There were some, not without sympathy, who wondered why Alfred had built this house, half-way down the slope from Hilltop, within easy view of the home from which he had practically been evicted by his cousin and the latter’s paramour. Some said he did it to “remind” them perpetually of their crime against him. One or two others had their secret conviction that it was because he could not endure being too far away from Amalie and the house which he had loved. In any event, he never enlightened anyone. Dorothea believed he had built here rather than move too far from the town or be encompassed by the vulgar newcomers.
But though Alfred’s house was less than three-quarters of a mile from Hilltop, Amalie had seen none of that household close by, nor encountered any of them, for ten years. Sometimes, on very clear days, she could see a toy figure or two in the gardens, but could not distinguish them. Once, on one of her very rare excursions into Riversend, she had seen Philip at a distance. Then he had gone away to school, and then to Harvard. Again, she thought that she saw Alfred only a street or two away, but he had suddenly disappeared, like a ghost. She lived apart from River
send, except for dining with the Widow Kingsley three or four times a year, in Jerome’s company, or entertaining, very occasionally, the wives of Jerome’s new industrial friends and associates.
When she and Jerome desired diversion, they went to New York or Boston or Philadelphia, and twice they had gone to Europe for six months at a time.
She lived immured, to the grim satisfaction of old Riversend, who believed her to be moping and drooping at Hilltop, from very loneliness, and wistfully hoping, day by day, that she might be forgiven and that one of the established, aristocratic ladies might come to call on her. It was well for the still lacerated sensibilities of these ladies that they did not know that Amalie existed very happily and comfortably at Hilltop, and desired nothing more than that she never encounter her old “friends” again, or that when she did think of them, she hoped fervently that they would continue to wall themselves up in their outrage against her. They could never understand that some natures are congenitally proud, reserved and self-contained, finding their world only among those they love.

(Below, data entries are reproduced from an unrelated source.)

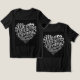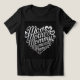 Esta é uma camiseta de mulheres negras. A design da mãe foi criada com arte generativa. A arte mostra as palavras Mãe Mamãe Mamacita Maman em forma de coração. Há formas cardíacas e as palavras estão em um estilo falso de retrografia prateada. A camiseta é uma confortável camiseta Tri-Blend da Canvas Bella. A imagem está na frente e atrás da camiseta
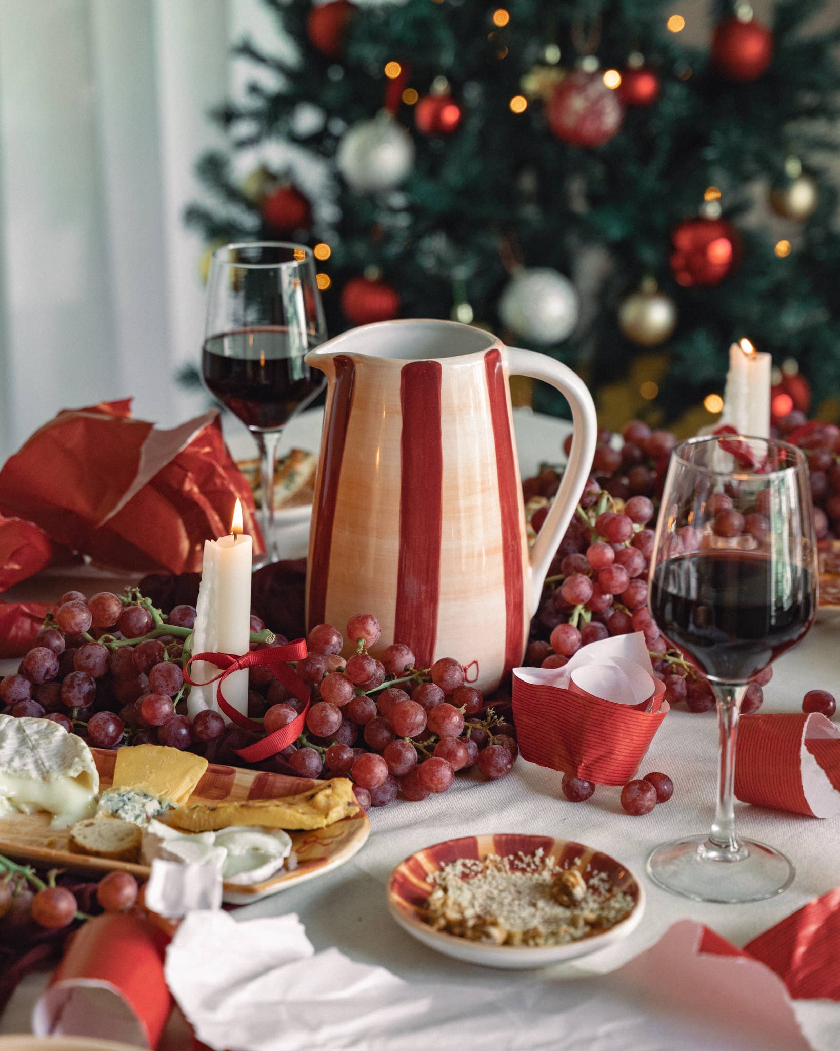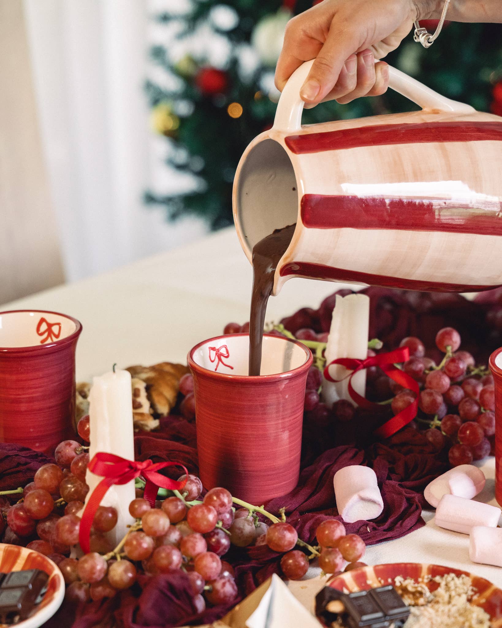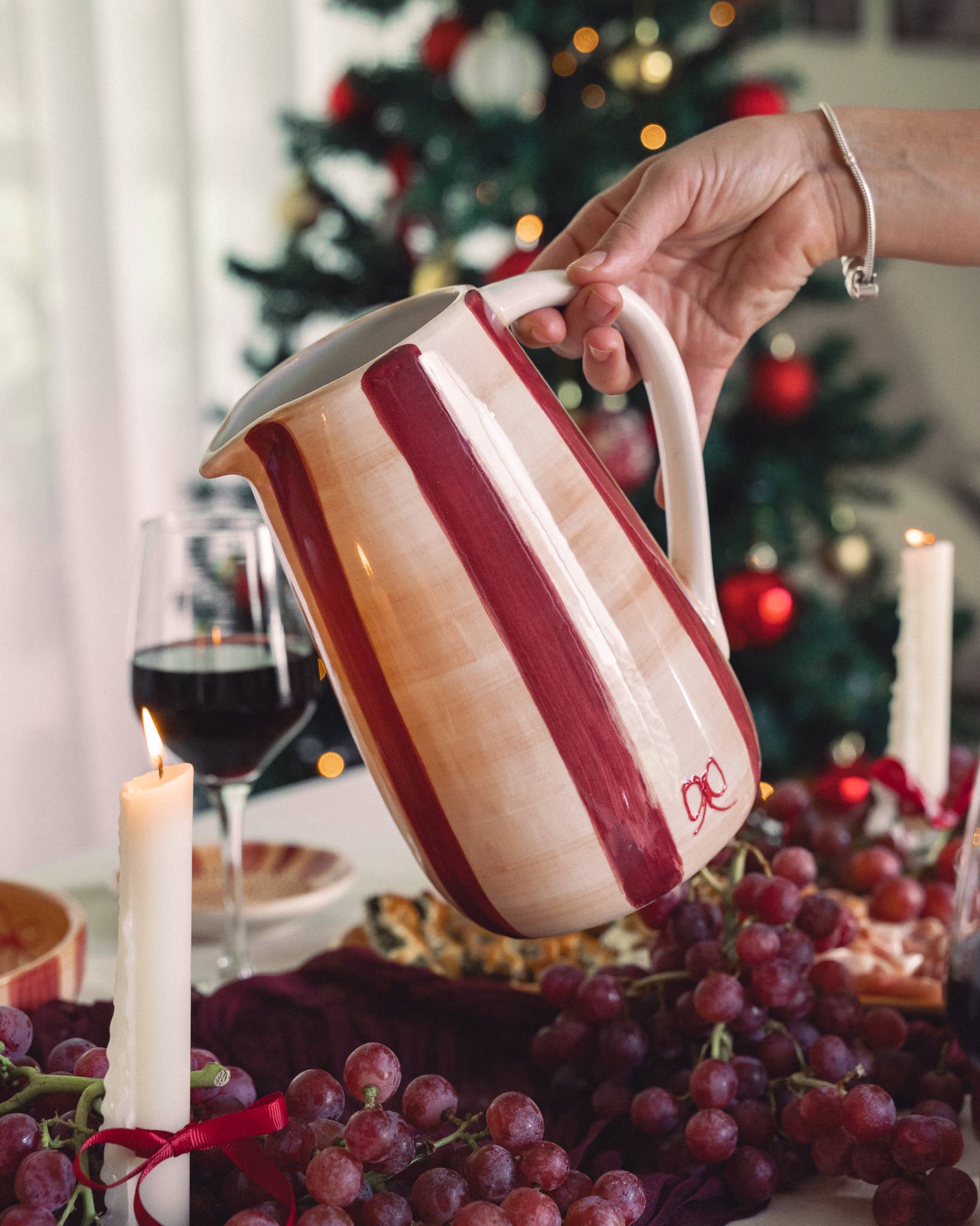 Celebrate the season with this elegant handmade ceramic pitcher from our Noelle collection, crafted by artisans in Southern Spain. With a rich burgundy exterior, soft beige interior, and a delicate red bow detail, this festive jug captures the charm of traditional Spanish pottery while bringing a warm touch to your Christmas decor and fall decor.
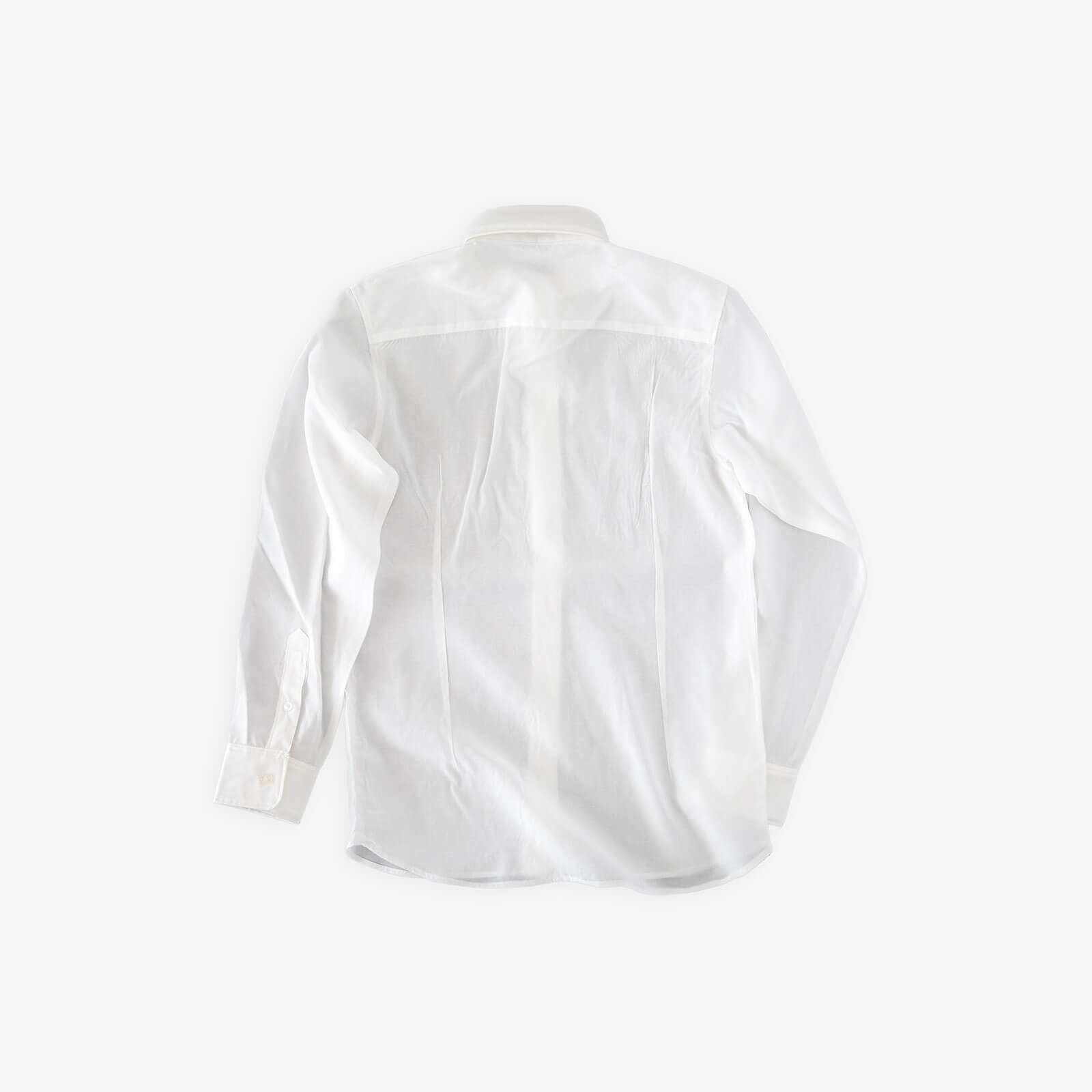 衿とカフスがボディと同色異素材のシャツ。
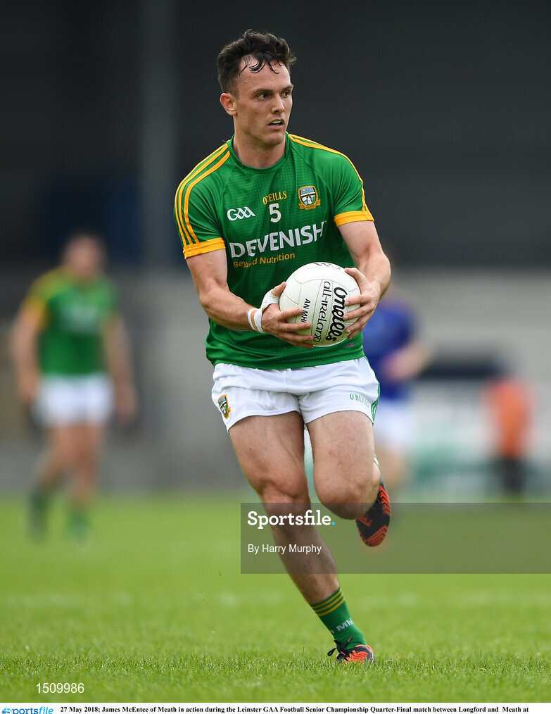 27 May 2018; James McEntee of Meath in action during the Leinster GAA Football Senior Championship Quarter-Final match between Longford and Meath at Glennon Brothers Pearse Park in Longford. Photo by Harry Murphy/Sportsfile
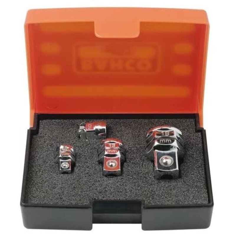 Chiavi Accessori 632 4 PCS 'Set di adapuntadores per chiavi a cricchetto, 4 pzs|aleación in acciaio di alto rendimiento|pulido fino|adapuntadores per bussole da 1/4, 3/8 e 1/2 con seguridad|adapuntador pulsante di fissaggio per punte da 1/4 con anello di contención|suministrado in un astuccio di planaástico compacto|iso 1174, din 3120|adapuntadores di ricambio disponibili
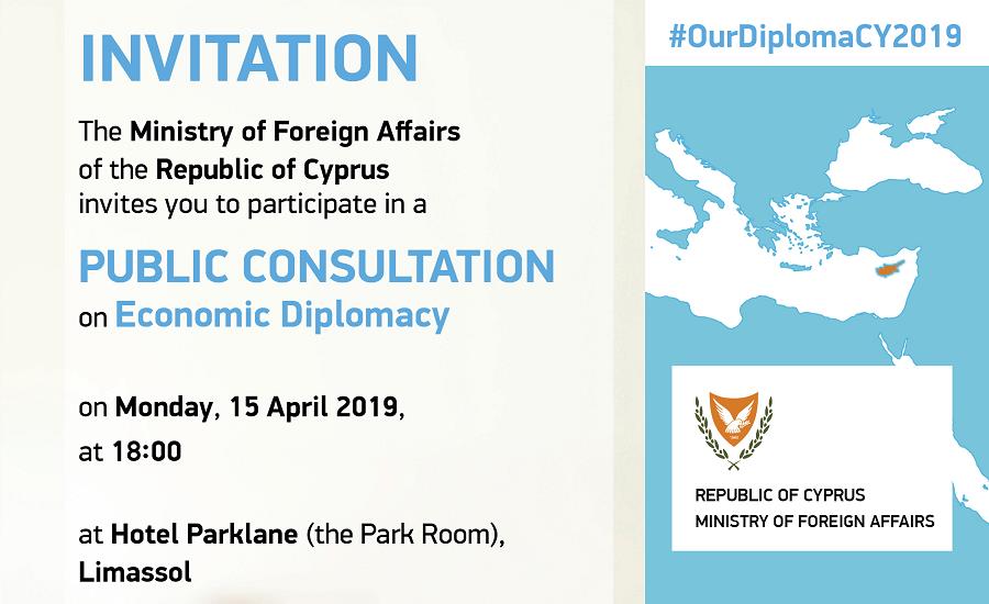 Το Υπουργείο Εξωτερικών, στο πλαίσιο της πολιτικής για ενίσχυση και διεύρυνση του διαλόγου με την κοινωνία των πολιτών, ανακοινώνει τη διοργάνωση Δημόσιας Διαβούλευσης με αντικείμενο την Οικονομική Διπλωματία, η οποία θα πραγματοποιηθεί τη Δευτέρα, 15 Απριλίου 2019, στις 6.00 μ.μ., στο Ξενοδοχείο Parklane στη Λεμεσό.

On the few occasions when she had been seen in Riversend, she had created talk for days. There she had gone “sweeping insolently,” decked out in Paris gowns and jackets and furs and feathered bonnets and lace parasols, and no one deigning to cast her a glance. There was absolutely no use, they said to themselves, in her ever attempting to ingratiate herself with them. Let her roll along in her carriage, meeting Jerome at a corner quite some distance from the Bank, and smiling out from under the shadow of her elaborate parasols. No one would speak to her or acknowledge her existence. Of course, they said, it was natural for so low-born a creature to be insensible for a long time to the contempt and scorn in which she was held. But eventually, without doubt, she would realize what a pariah she was, and that would most certainly overcome her with a complete awareness of her perpetual disgrace and throw her into the deepest melancholy. That would be her punishment.